To celebrate World Book Day, we thought we would share a few award-winning immigration themed books from recent years that you might like to add to your reading list (alongside the Immigration Bill introduced to parliament today, of course!).
Here’s the ‘blurb’ on three books, covering issues of cultural loss, escape from war, as well as everyday life in a minority. Love, abandonment, belonging, cake baking… there’s humour and there’s heartbreak.
Exit West by Mohsin Hamid
In an unnamed city swollen by refugees but still mostly at peace, or at least not yet openly at war, two young people notice one another. They share a cup of coffee, a smile, an evening meal. They try not to hear the sound of bombs getting closer every night, the radio announcing new laws, the public executions.
Eventually the problem is too big to ignore: it’s not safe for her to live alone, she must move in with his family, even though the young couple are not married and that too is a problem. Meanwhile, rumours are spreading of strange black doors in secret places across the city, doors that lead to London or San Francisco, Greece or Dubai. Someday soon, the time will come for this man and this woman to seek out one such door: joining the multitudes fleeing a collapsing city, hoping against hope, looking for their place in the world.
Exit West is a journey crossing borders and continents and into a possible future; it is a love story from the eye of the storm. It is a song of hope and compassion. It reaches toward something essential in humankind – something still alive, still breathing, an open hand and a thudding heart under all the rubble and dust.
Exit West won the 2017 LA Times Book Prize for Fiction, the Aspen Words Literary Prize and was a Booker Prize Finalist.
The Good Immigrant edited by Nikesh Shuklah
How does it feel to be constantly regarded as a potential threat, strip-searched at every airport? Or be told that, as an actress, the part you’re most fitted to play is ‘wife of a terrorist’? How does it feel to have words from your native language misused, misappropriated and used aggressively towards you? How does it feel to hear a child of colour say in a classroom that stories can only be about white people? How does it feel to go ‘home’ to India when your home is really London? What is it like to feel you always have to be an ambassador for your race? How does it feel to always tick ‘Other’?
The Good Immigrant brings together 21 black, Asian and minority ethnic voices to explore why immigrants come to the UK, why they stay and what it means to be ‘other’ in a country that doesn’t seem to want you, doesn’t truly accept you – however many generations you’ve been here – but still needs you for its diversity monitoring forms.
Inspired by discussion around why society appears to deem people of colour as bad immigrants – job stealers, benefit scroungers, undeserving refugees – until, by winning Olympic races or baking good cakes, or being conscientious doctors, they cross over and become good immigrants, editor Nikesh Shukla has compiled a collection of essays that are poignant, challenging, angry, humorous, heartbreaking, polemic, weary and – most importantly – real.

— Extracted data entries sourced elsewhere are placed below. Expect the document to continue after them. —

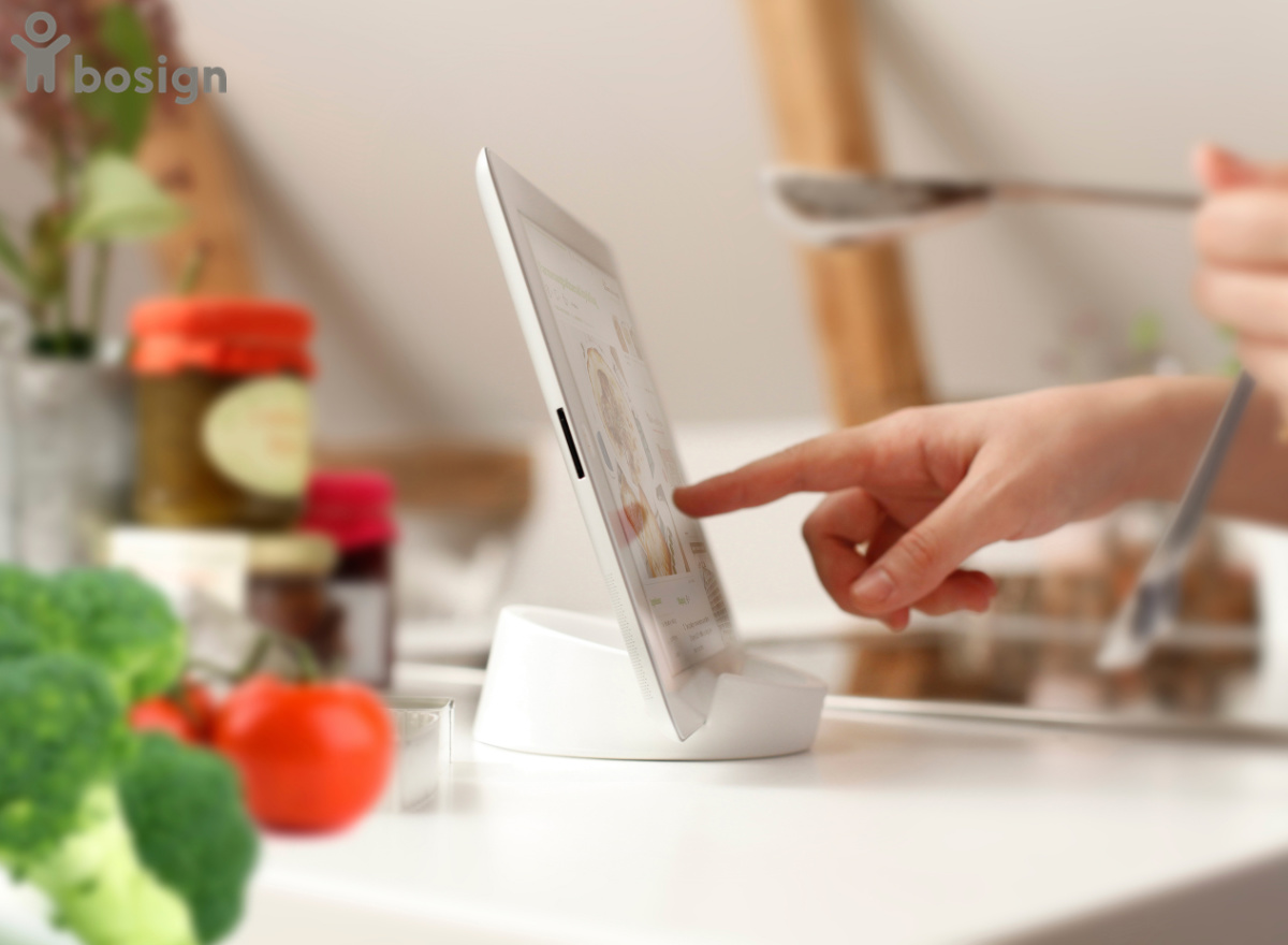 Rezeptbücher werden verstärkt durch digitale Rezepte auf Tablets ersetzt. Im Online Shop monitorhalterung.de findet sich eine große Auswahl an universellen Tablet Tischhaltern. Der Silikon Tablet Tischständer von Bosign zum Beispiel kann stabil auf der Küchenarbeitsplatte aufgestellt werden. Für eine feste Wandinstallation eignet sich die schwenkbare Tablethalterung der Firma Vogel‘s.
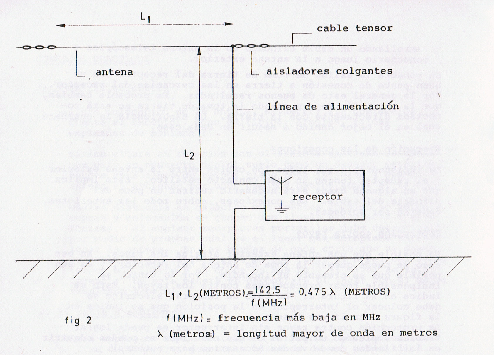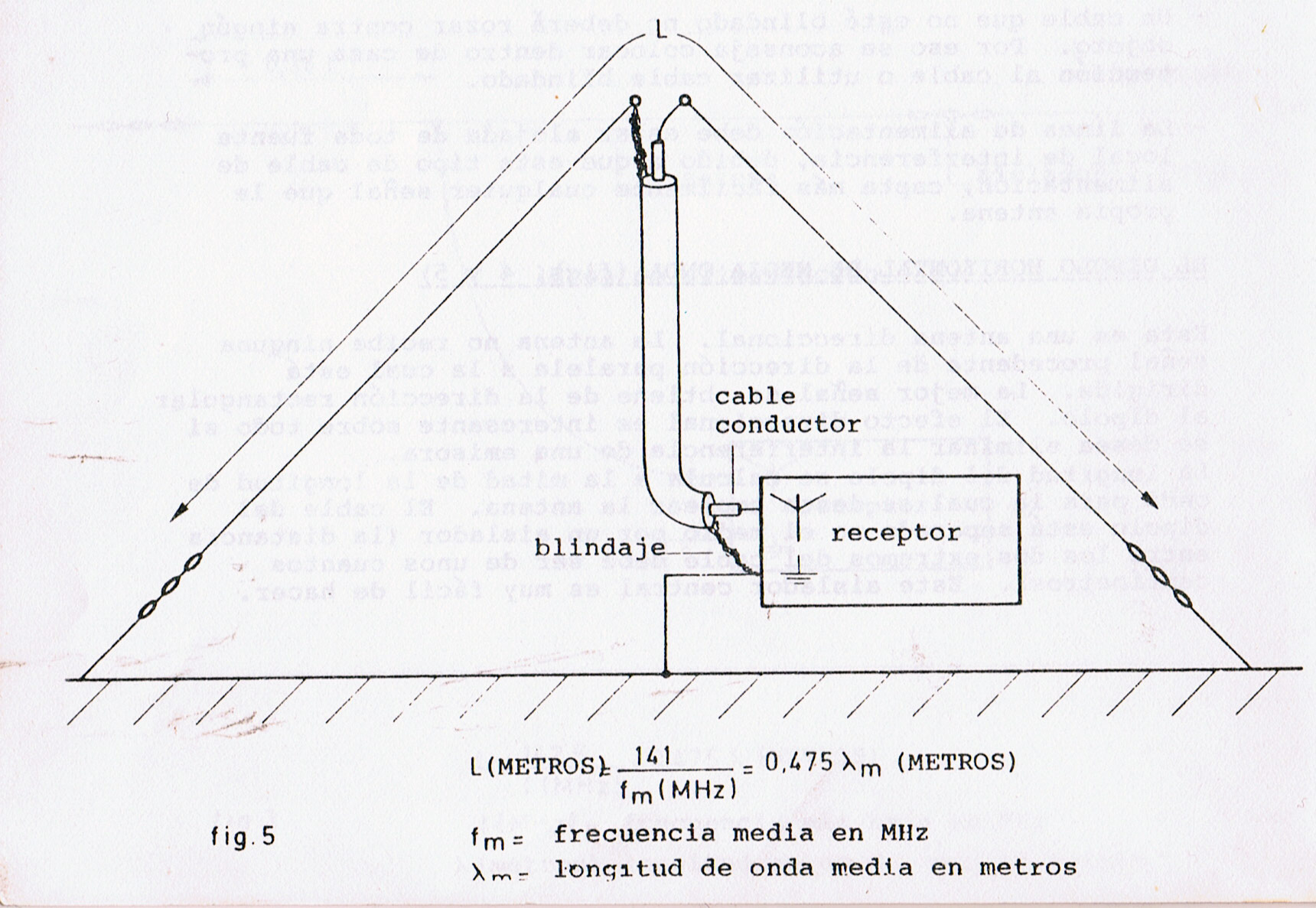LA ANTENA V-INVERTIDA (fig. 5) Esta antena no es direccional. Sólo requiere un soporte. Los puntos anotados en la antena anterior también rigen para ésta. La línea de alimentación para las dos antenas puede estar compuesta por :
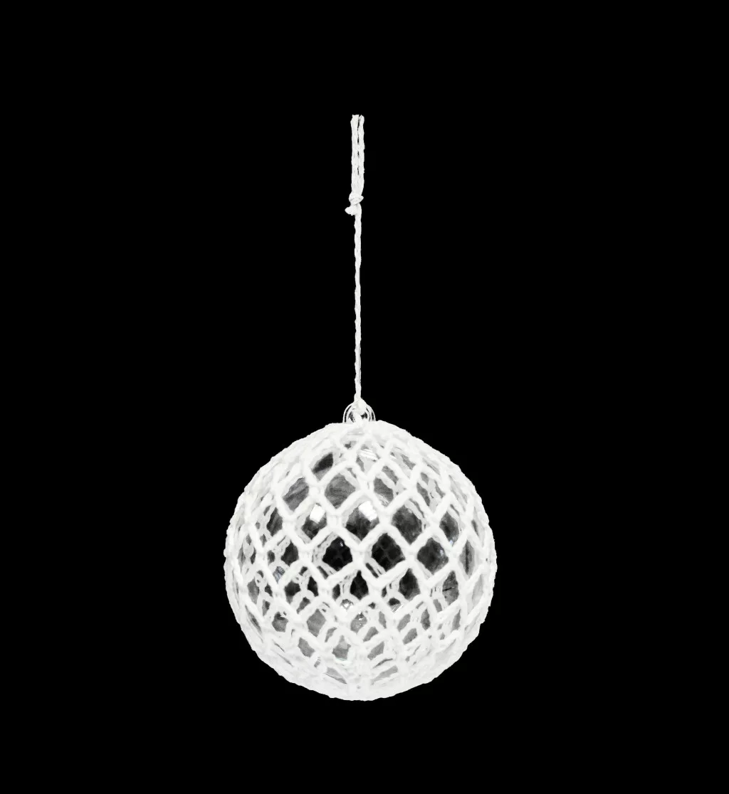DEKOR AKASZTÓS HORGOLT DÍSZ, MŰANYAG GÖMB, FEHÉR
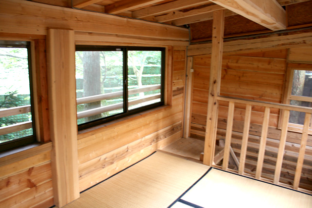 広々ウッドデッキで建物の前に広々バーベキュースペースがあります。
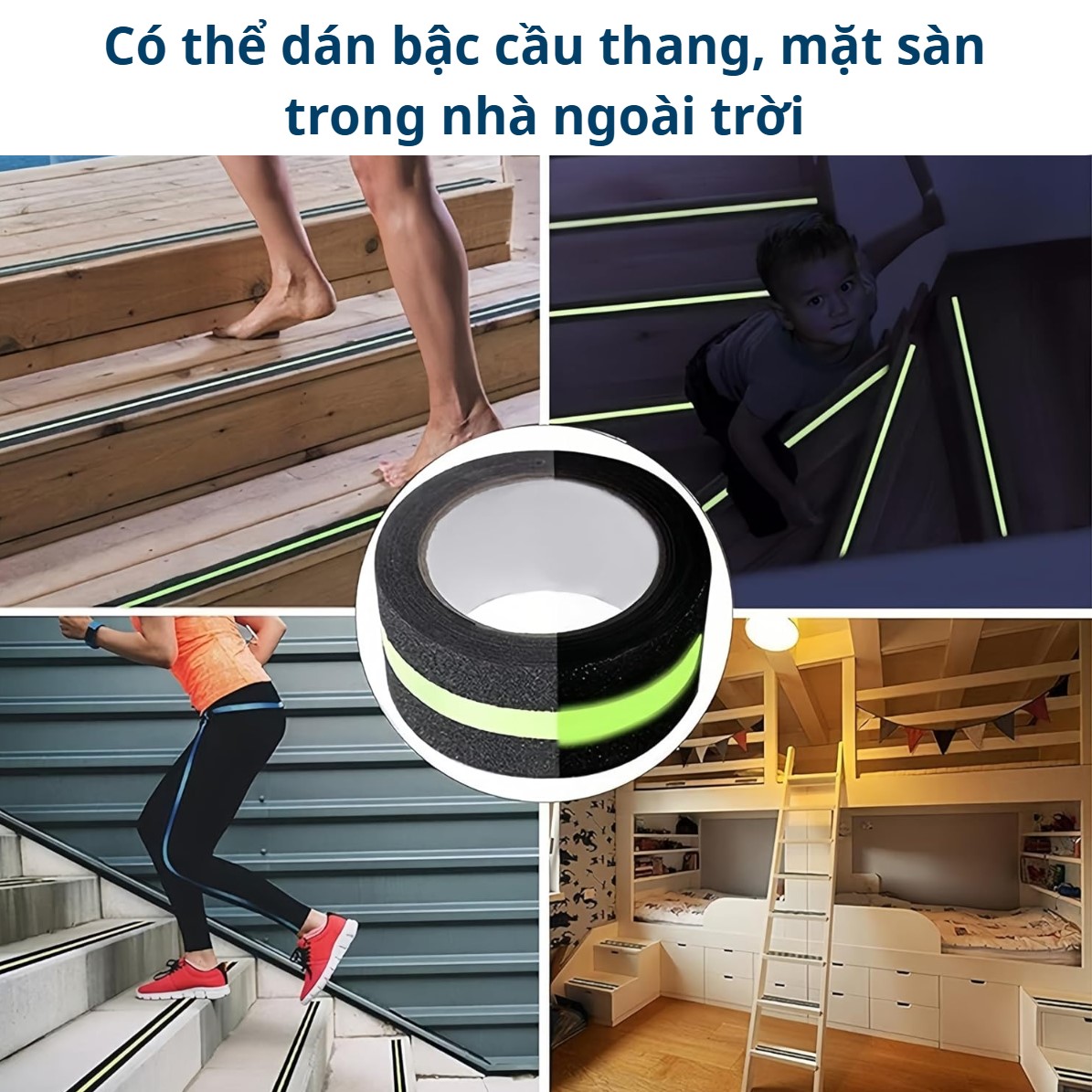 CHÚ Ý: BĂNG KEO CẦN HẤP THỤ ÁNH SÁNG MẠNH ĐỂ PHÁT SÁNG TRONG TỐI, BAN ĐÊM CÔNG DỤNG NỔI BẬT Dạ quang phát sáng ban đêm – dễ nhận biết lối đi, tránh vấp ngã. Bề mặt nhám chống trượt – tăng độ ma sát, chống trơn trượt hiệu quả. Dính chặt trên nhiều bề mặt – gạch, gỗ, kính, kim loại, đá,... ️ Dễ dàng cắt theo kích thước mong muốn. Phù hợp mọi nơi: cầu thang, sàn nhà, nhà tắm, trường học, bệnh viện, xưởng sản xuất.. ️ THÔNG TIN SẢN PHẨM
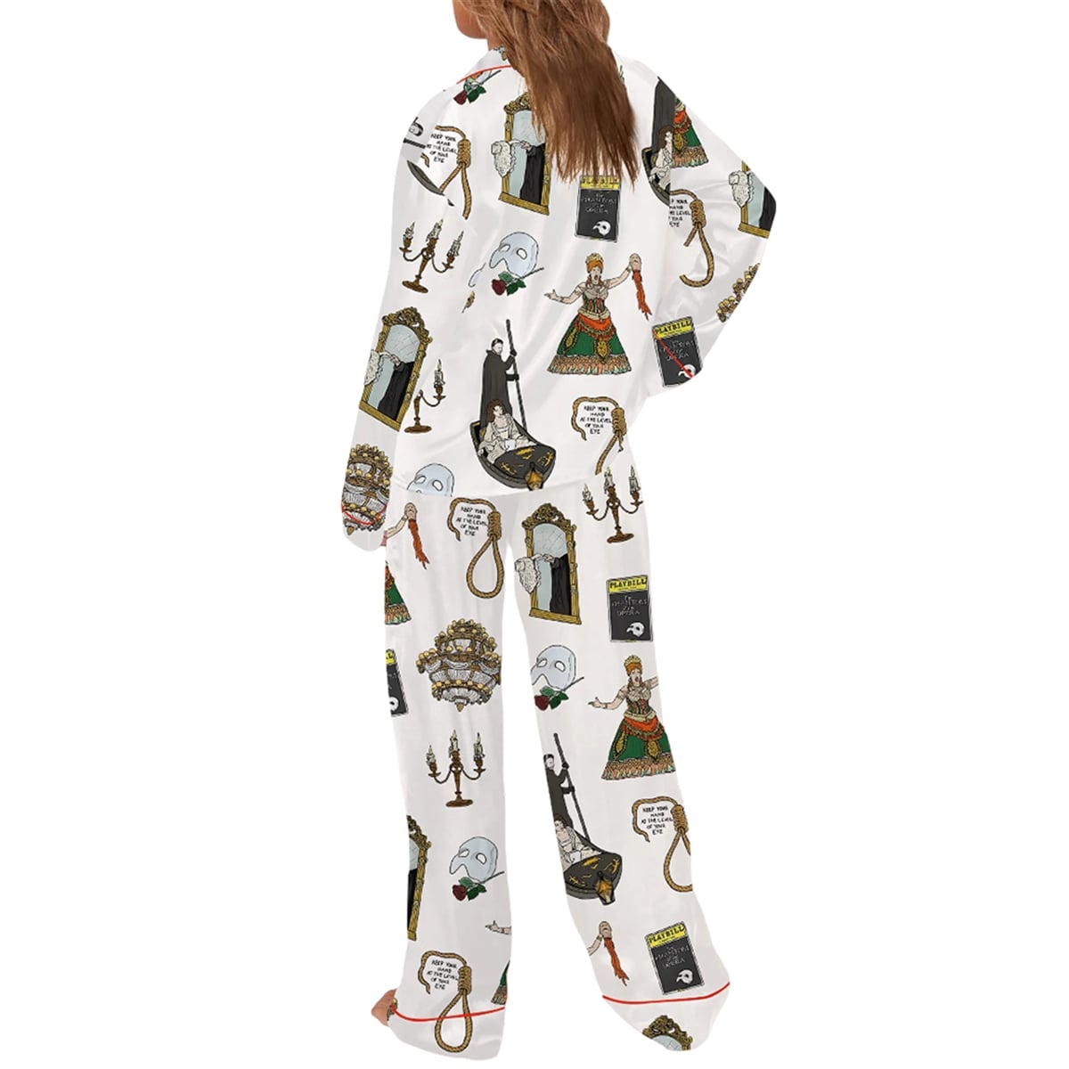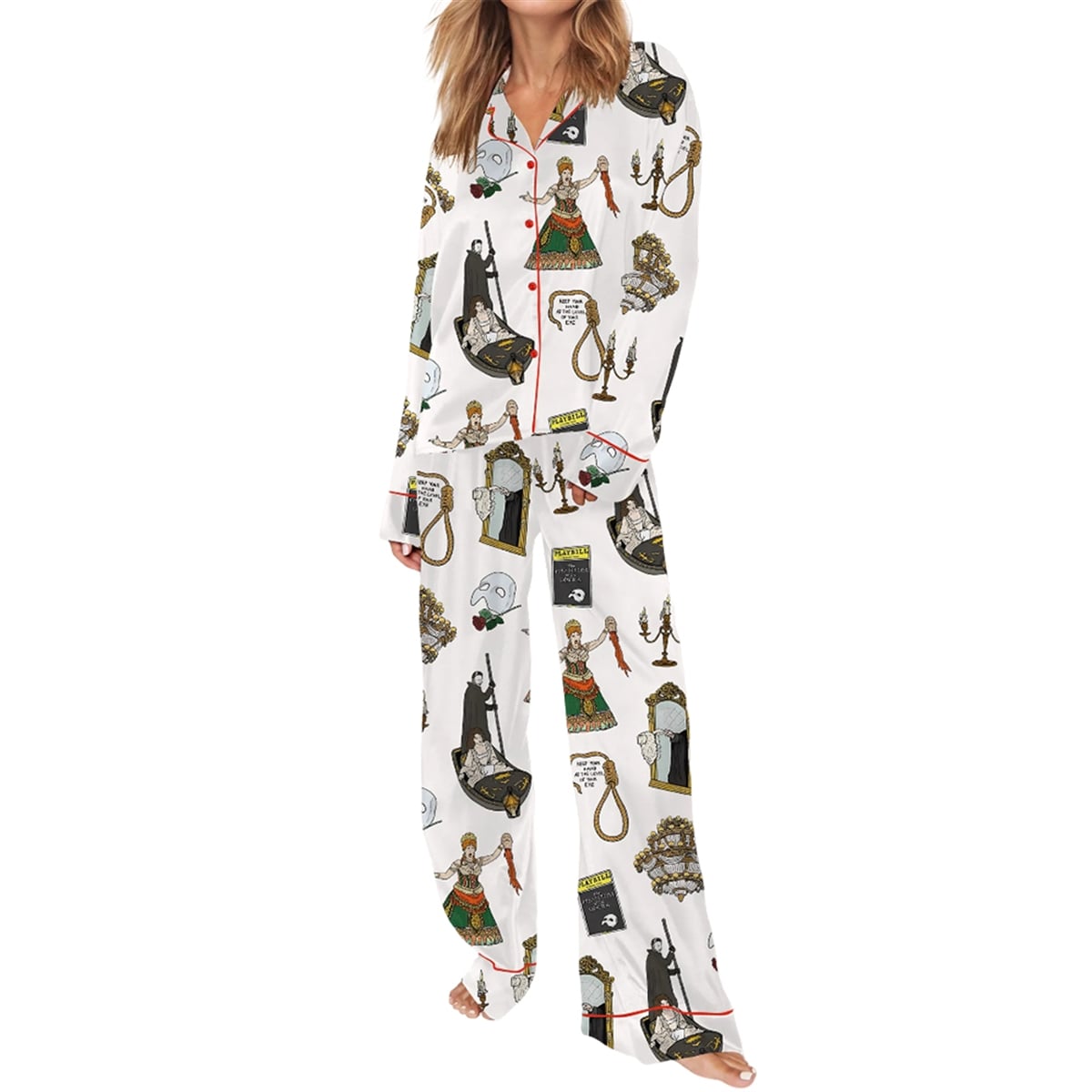 This striking two-piece pajama set is a visual love letter to the iconic musical. Set against a crisp white background with bold red piping details along the collar and button placket, the design functions as a wearable collage of the show’s most unforgettable moments. The intricate, all-over print features a gallery of instantly recognizable motifs: the Phantom and Christine navigating the subterranean lake in their candlelit gondola, the legendary half-mask resting beside a single red rose, and the majestic, illuminating chandelier. Additionally, eagle-eyed fans will appreciate deeper cuts from the lore, including the classic yellow Broadway Playbill, the ominous Punjabi lasso accompanied by the warning “Keep your hand at the level of your eyes,” the magical mirror, and detailed character portraits.
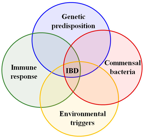 Etiology theories in inflammatory bowel disease (IBD), adapted from [9,10].
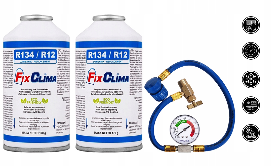FixClima-це холодоагент, який є прямою заміною фреону, використовуваного в системах кондиціонування повітря більшості автомобілів в період з 1994 по 2016 рік (інформація про точну посадку пізніше в аукціоні).
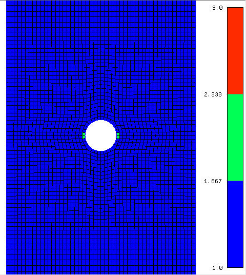 Da der Wert von PFA Schadenszustand ein diskreter reeller Wert zwischen 1 und 4 ist, ist es nützlich, die Einstellungen für das Konturendiagramm so zu ändern, dass jeder diskreten Ganzzahl von PFA Schadenszustand eine eindeutige Farbkontur zugeordnet wird. Bei diesem Modell, bei dem PFA Schadenszustand die Werte 1.0, 2.0 oder 3.0 annehmen kann, passen Sie die Anzahl der Konturebenen so an, dass nur drei Farben angezeigt werden.
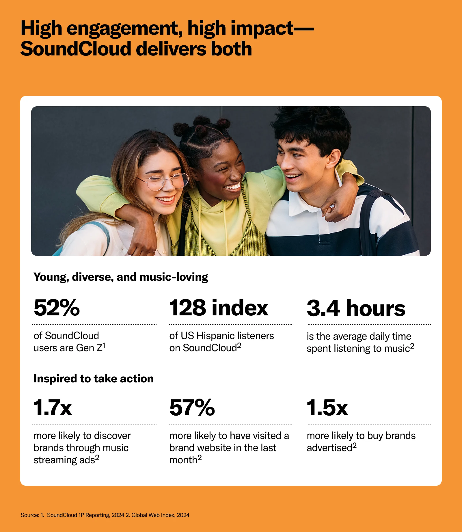 SoundCloud is the destination for the music-obsessed. Nearly two in three SoundCloud listeners say that music is part of who they are, and one in two say music is the soundtrack to their lives. Music has a profound impact on shaping cultural identity, and it begins with SoundCloud. It’s the platform where trends are born and movements are made, redefining modern-day music and audio culture.

The Good Immigrant was voted the British public’s favourite book of 2016 at the Books Are My Bag Readers Awards.
The Leavers by Lisa Hu
One morning, Deming Guo’s mother, an undocumented Chinese immigrant named Polly, goes to her job at the nail salon and never comes home. No one can find any trace of her.
With his mother gone, eleven-year-old Deming is left with no one to care for him. He is eventually adopted by two white college professors who move him from the Bronx to a small town upstate. They rename him Daniel Wilkinson in their efforts to make him over into their version of an “all-American boy.” But far away from all he’s ever known, Daniel struggles to reconcile his new life with his mother’s disappearance and the memories of the family and community he left behind.
Set in New York and China, The Leavers is a vivid and moving examination of borders and belonging. It’s the story of how one boy comes into his own when everything he’s loved has been taken away–and how a mother learns to live with the mistakes of her past.
The Leavers won the 2016 PEN/Bellwether Prize for Socially Engaged Fiction and was a finalist for the (US) 2017 National Book Award for Fiction.